= Supplied entries =
>>>>

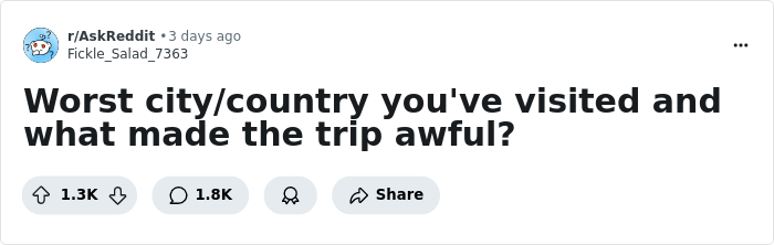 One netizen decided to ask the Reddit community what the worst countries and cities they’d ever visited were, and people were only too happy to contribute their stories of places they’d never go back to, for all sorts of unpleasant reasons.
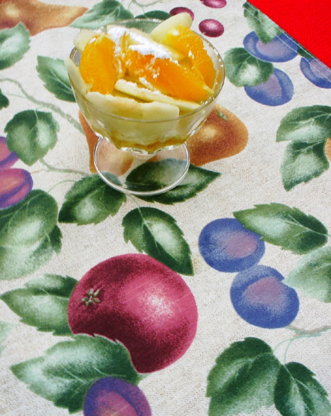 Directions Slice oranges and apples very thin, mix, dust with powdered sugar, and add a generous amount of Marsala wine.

<<<<
>>>>

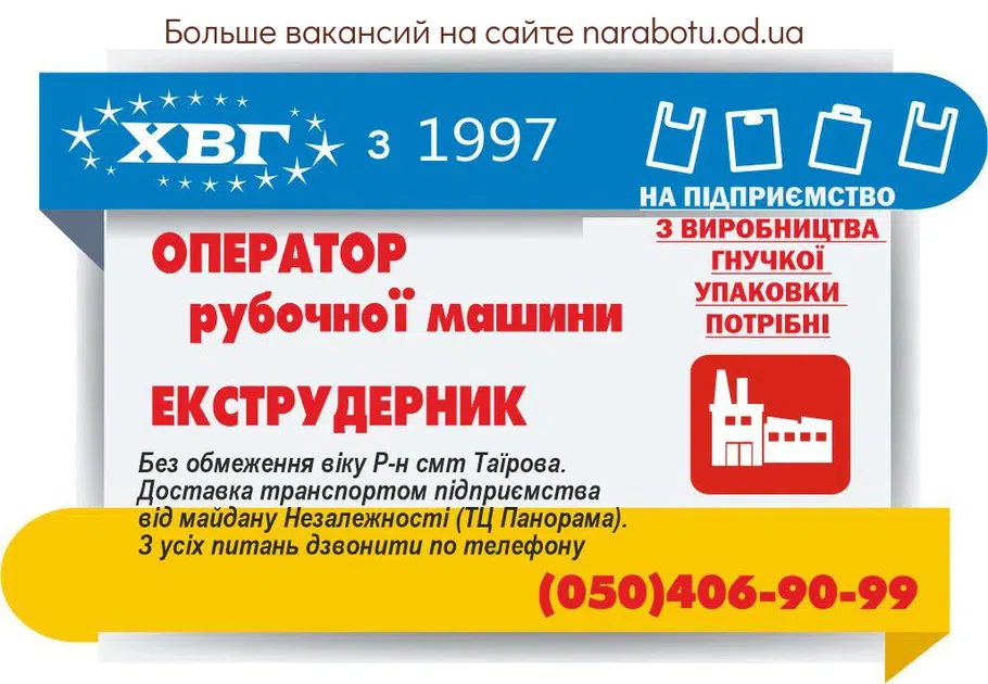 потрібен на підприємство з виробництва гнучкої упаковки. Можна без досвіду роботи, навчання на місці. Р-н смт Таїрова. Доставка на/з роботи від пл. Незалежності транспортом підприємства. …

<<<<

= What needs to be done =
Pictures do not belong in the answer. Return the lines above starting at the one with "One netizen decided" and ending at the one with "Directions Slice oranges", both kept, exactly.

= Exercise result =
 One netizen decided to ask the Reddit community what the worst countries and cities they’d ever visited were, and people were only too happy to contribute their stories of places they’d never go back to, for all sorts of unpleasant reasons.
 Directions Slice oranges and apples very thin, mix, dust with powdered sugar, and add a generous amount of Marsala wine.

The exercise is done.